# Dublin Docks.



## 96109 (Aug 23, 2005)

Hi All,

I was wondering, is it possible to park overnight at Dublin Docks.

I'm sailing early on Friday morning across to Holyhead heading for the Birmingham show and if I use Camac Valley, then with early morning traffic on the Naas Road, I would nearly need 2 hours to get to the docks.

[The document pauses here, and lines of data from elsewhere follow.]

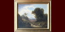 Obraz, „Romantická krajina “, olej /plátno 55,5 x 68,5 cm rámováno zlaceným rámem 33 x 26 cm, Nesignováno, obraz je ve velice dobré kondici po restaurování s rentoaláží na nové plátno.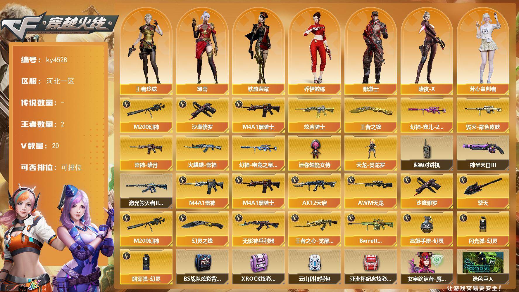 [16755016]河北一区-20V-2王者-1炫金 【热门武器】:M200-幻神,M4A1-黑骑士,沙鹰-修罗*2 【王者炫金武器】:王者之锋,炫金骑士 【皮肤】:幻神-宠儿-2021MVP,幻神-电竞之星 皮肤,雷神-暗月,火麒麟-雷神,毁灭耀金皮肤 【角色】:王者玲珑,乔伊教练,修道士,暗夜-X,芳心审判者,嘉年华灵狐,娟娟,灵狐者-X,灵狐者-黄金海岸,曼陀罗-X,潘多拉-X,潘多拉-甜心教官,蜀雪,铁骑荣耀,维纳斯,雪莉杨-摸金校尉,夜玫瑰-宠粉 【人偶武器】:天龙-曼陀罗,迷你超能女侍 【暴走生化】:超级对讲机 【挑战大师】:激光毁灭者III-白马银枪,神圣爆裂者-末日III 【英雄级武器】:M4A1-雷神,M4A1-黑骑士,AK12-天启,无影-神兵利器,王者之心-觉醒版,AWM-天龙,M200-幻神,沙鹰-修罗*2,擎天,幻灵之锋,高爆手雷-幻灵,闪光弹-幻灵*2,烟雾弹-幻灵,Barrett-碧霄极光 【道具】:BS战队炫彩背包,XROCK炫彩背包,云山科技背包,亚洲杯纪念炫彩背包,哔哩哔哩名片,女皇终结者-魔龙之吻,绿色巨人,灵魂忍者,迷雾幽灵,夺命之镰,防化服*3,金色流光-枪王排位*2,星辰流光-枪王排位,枪王排位28赛季金色流光,炽雪表情,动感闪耀表情,EP战队击杀图标,防弹头盔*6,防弹衣*5,C4工具钳*4,手雷包*3 【特殊枪械】:1黑骑士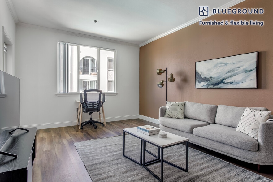 Feel at home wherever you choose to live with Blueground. You’ll love this lovely Playa Vista furnished one bedroom apartment with its modern decor, fully equipped kitchen, and exquisite living room. Ideally located, you’re close to all the best that Los Angeles has to offer! (ID #LAX1090) The advertised rate of $4,220/month is the lowest available price, based on a 2 month(s) and 1 day(s) stay with a move-in date of May 15, 2026. If you’re looking for a 1-year stay, the rate is $4,350/month. Rates vary depending on the duration of stay, season, and other parameters. For exact pricing and additional pricing components, please visit our website and enter your desired move-in and move-out dates. The rate is applicable when billed upfront; it can be higher if billed in multiple payments. Brokers are welcome to reach out. Were you looking for an unfurnished lease? Try Blueground instead and upgrade from unfurnished to furnished living: - Furnished at rates comparable to unfurnished - No setup or furniture costs - save thousands - Move-in ready - save time, just bring your suitcase Designed with you in mind Thoughtfully designed with bespoke finishes, modern furnishings, and a fully equipped kitchen, you’ll enjoy that “I’m home” feeling with this Blueground apartment. Whether you’re lounging in your pretty living room streaming the latest and greatest entertainment on the smart TV or premium wireless speaker, or getting some well-earned rest on the superior quality mattress with fully stocked linens, you’ll fall in love with everything this Playa Vista apartment has to offer. This apartment also offers in-apartment laundry. Sleeping arrangements King Bed, 70.8in/180cm Amenities Building amenities unique to this one bedroom apartment include an on-site: - BBQ Area - Dryer - Elevator - Swimming pool - Washing machine - Lounge - Media room - Parking - Pets allowed Arrival and ongoing support The entire apartment is yours to enjoy! Throughout your stay, you’ll have access to our Client Experience team through the Blueground App. You can schedule additional cleanings, submit maintenance requests, and view our neighborhood recommendations with just a few taps. We’ll share all details upon confirmation of your stay. Ideally Located This furnished property is located in Playa Vista, a newly built neighborhood on the westside of Los Angeles. The neighborhood offers office space to some of the biggest tech companies and attracts a mix of young professionals who seek to experience the Silicon Valley way of living. Nowadays, an increasing number of locals looking for an urban lifestyle, decide to relocate to Playa Vista and enjoy the shopping and dining. Runaway is the newest shopping area including a food market, movie theater and numerous retail outlets, an ideal destination for the weekends. With Playa Vista’s Daily Shuttle you can also get easily around the community. Other things to note Building amenities may have an extra cost. This Blueground apartment has flexible lease options, allowing you to book it for one month, a year, or more. Pets are welcome, though weight limits and breed restrictions apply and may incur fees. Parking is offered based on availability and is subject to a fee. We take great pride in ensuring every photo displayed is shot in our own units with our actual furnishings. That said, we regularly refresh our decor and furniture arrangement, which may differ from what’s pictured. [SI]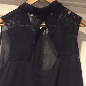 Open back shear black top with lace. Perfect to dress up or down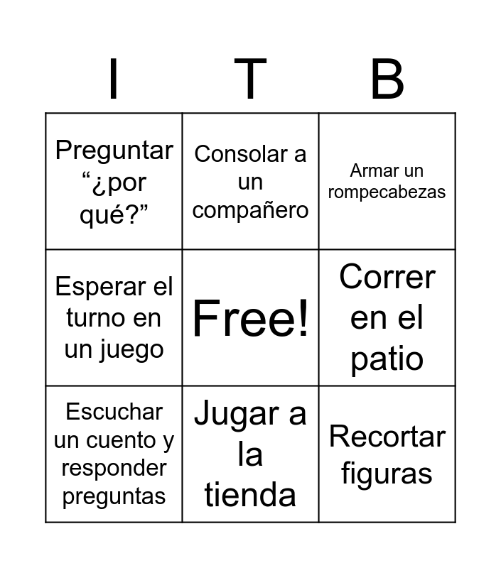This bingo card has a free space and 11 words: Construir una torre con bloques, Jugar a la tienda, Recortar figuras, Escuchar un cuento y responder preguntas, Consolar a un compañero, Armar un rompecabezas, Correr en el patio, Pintar con acuarelas, Esperar el turno en un juego, Preguntar “¿por qué?” and Ordenar imágenes para contar una historia.

The solution would be to travel up on thursday night and park at the docks if it's possible.

Anybody know?

Thanks,

Dec.


----------



## 88974 (May 11, 2005)

Hi Dec,

Have not done it personnally but I know a couple who do it with their 4 children alot of the time and had no problems so far, as the docks is a good distance in from residential areas i cannot see it being a problem I presume you mean Dublin Port and not Dun Laoghaire. 

Dee


----------



## 96109 (Aug 23, 2005)

Hi Dee,

Yes definately Dublin port.

Do you know were they allowed inside the compound or did they park outside? Not really an area that I would like to park outside of the perimeter fence.

Regards,

Dec.


----------



## relay (May 9, 2005)

there's a bit about long-term parking here: Irish ferries FAQ port parking doesn't specifically refer to sleeping in a vehicle but can't see what difference it makes to them, really. 
have a good trip,
-H


----------



## Jules (May 23, 2005)

Hello, 
We stayed at Camac last year before getting the early ferry to Holyhead. We left early, about 6.30am to avoid the traffic and had an easy drive to the dock were we had breakfast. There were a few others setting off early from Camac and traffic was quite light.


----------



## 88974 (May 11, 2005)

Hi Dec,

They stayed inside the perimeter in the long term car park I think, I do pass the camac valley caravan park some mornings about 7.00 a.m. and would be in the centre of Dublin by 7.30a.m. If you leave Camac Valley by 6.15a.m. the bus lanes do not open on the Quays till 7.00 am. and therefore should be clear.

I hope you enjoy the show

Dee


----------



## 88845 (May 9, 2005)

Hi Dec,
The year before last we stayed overnight in the compound before the check in gates and also some other people slept in their car. A bit noisy when the ferry came in.
Out of courtesy we checked this out with the security personnel. The ones we spoke to said it was no problem providing we kept out of the lanes.

John


----------



## 96109 (Aug 23, 2005)

FERDINAND said:


> Hi Dec,
> The year before last we stayed overnight in the compound before the check in gates and also some other people slept in their car. A bit noisy when the ferry came in.
> Out of courtesy we checked this out with the security personnel. The ones we spoke to said it was no problem providing we kept out of the lanes.
> 
> John


John,

Did you check this with security before you arrived or as you approached the docks?

Thanks,

Dec.


----------



## 88845 (May 9, 2005)

Dec,

If I remember correctly we just parked up and asked a couple of guys who were outside the terminal, but I guess you could give them a call before you arrived.

John


----------



## 96109 (Aug 23, 2005)

Thanks Folks,

Taking your advice on board, I'm going to try the docks first, if that doesn't work, I have a friend who has kindly offered me her driveway. The only problem with the driveway is the run into the docks in the morning but thats not really that big a problem....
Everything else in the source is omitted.